┌─ INFORMATION SUPPLIED

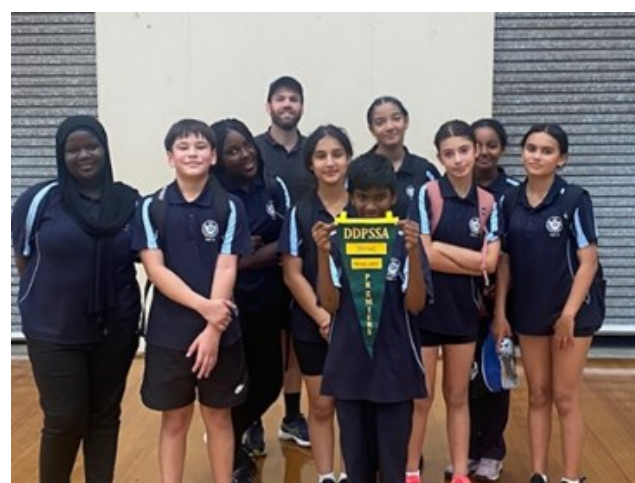
Netball mixed team A

Congratulations to all the Year 6 staff and students who participated in this incredible event. Your hard work and dedication were truly remarkable.
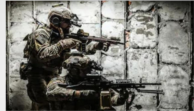
LAW ENORCMENT / MILITARY
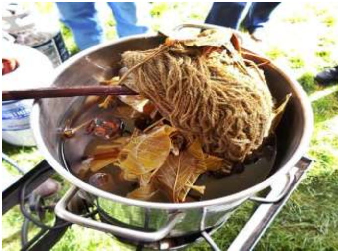
English Walnut dye pot

└─

# PROMPT
Reproduce every line above as written, skipping pictures.

# RESPONSE BELOW
Netball mixed team A

Congratulations to all the Year 6 staff and students who participated in this incredible event. Your hard work and dedication were truly remarkable.
LAW ENORCMENT / MILITARY
English Walnut dye pot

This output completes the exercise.